What to work on » Nothing but a verbatim copy of the data, minus the images, should be returned.

Available data »
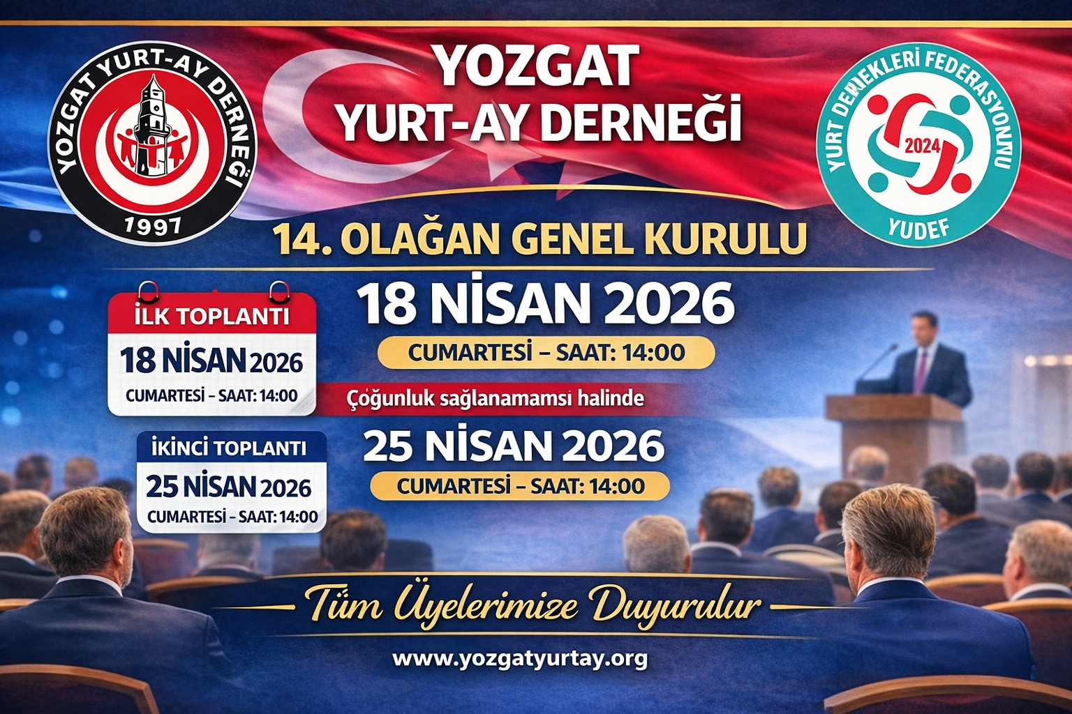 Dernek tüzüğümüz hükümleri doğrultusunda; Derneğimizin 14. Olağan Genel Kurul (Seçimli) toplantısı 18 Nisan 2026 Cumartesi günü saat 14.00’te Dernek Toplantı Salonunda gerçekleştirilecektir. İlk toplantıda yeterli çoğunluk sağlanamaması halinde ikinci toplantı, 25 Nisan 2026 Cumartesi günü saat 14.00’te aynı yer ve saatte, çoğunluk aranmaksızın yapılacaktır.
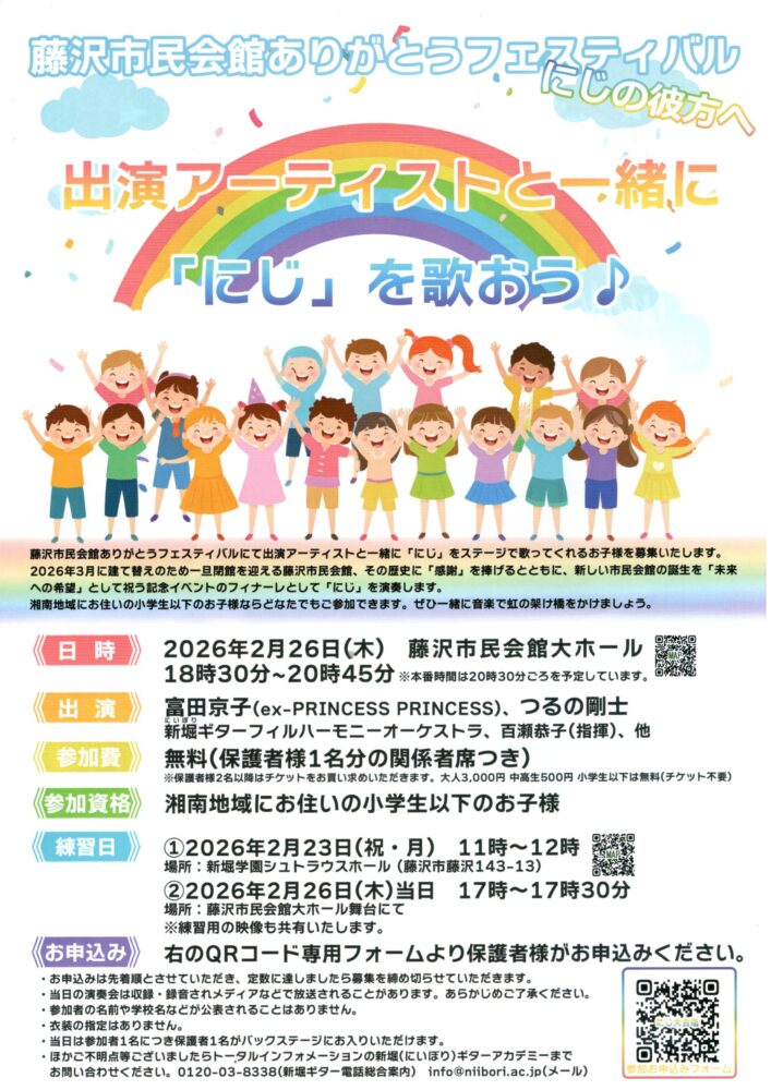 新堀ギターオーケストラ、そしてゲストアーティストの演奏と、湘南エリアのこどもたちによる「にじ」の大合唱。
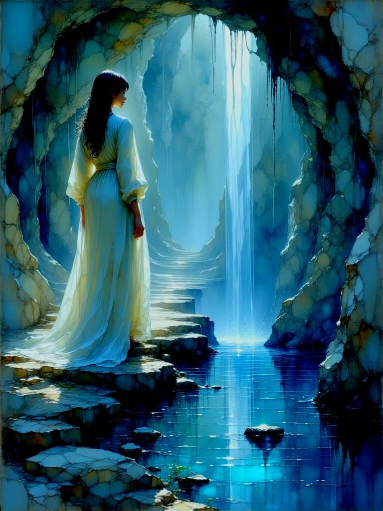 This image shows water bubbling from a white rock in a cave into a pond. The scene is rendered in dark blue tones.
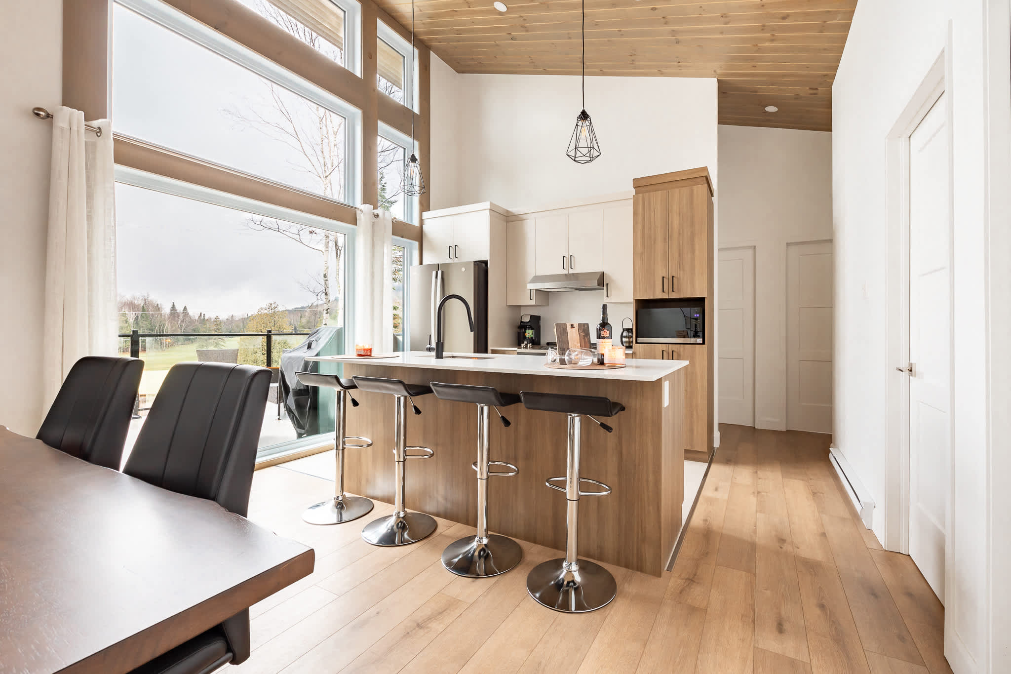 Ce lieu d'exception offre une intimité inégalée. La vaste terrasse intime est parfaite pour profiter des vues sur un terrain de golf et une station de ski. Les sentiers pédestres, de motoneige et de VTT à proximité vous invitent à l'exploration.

Your solution »
 Dernek tüzüğümüz hükümleri doğrultusunda; Derneğimizin 14. Olağan Genel Kurul (Seçimli) toplantısı 18 Nisan 2026 Cumartesi günü saat 14.00’te Dernek Toplantı Salonunda gerçekleştirilecektir. İlk toplantıda yeterli çoğunluk sağlanamaması halinde ikinci toplantı, 25 Nisan 2026 Cumartesi günü saat 14.00’te aynı yer ve saatte, çoğunluk aranmaksızın yapılacaktır.
 新堀ギターオーケストラ、そしてゲストアーティストの演奏と、湘南エリアのこどもたちによる「にじ」の大合唱。
 This image shows water bubbling from a white rock in a cave into a pond. The scene is rendered in dark blue tones.
 Ce lieu d'exception offre une intimité inégalée. La vaste terrasse intime est parfaite pour profiter des vues sur un terrain de golf et une station de ski. Les sentiers pédestres, de motoneige et de VTT à proximité vous invitent à l'exploration.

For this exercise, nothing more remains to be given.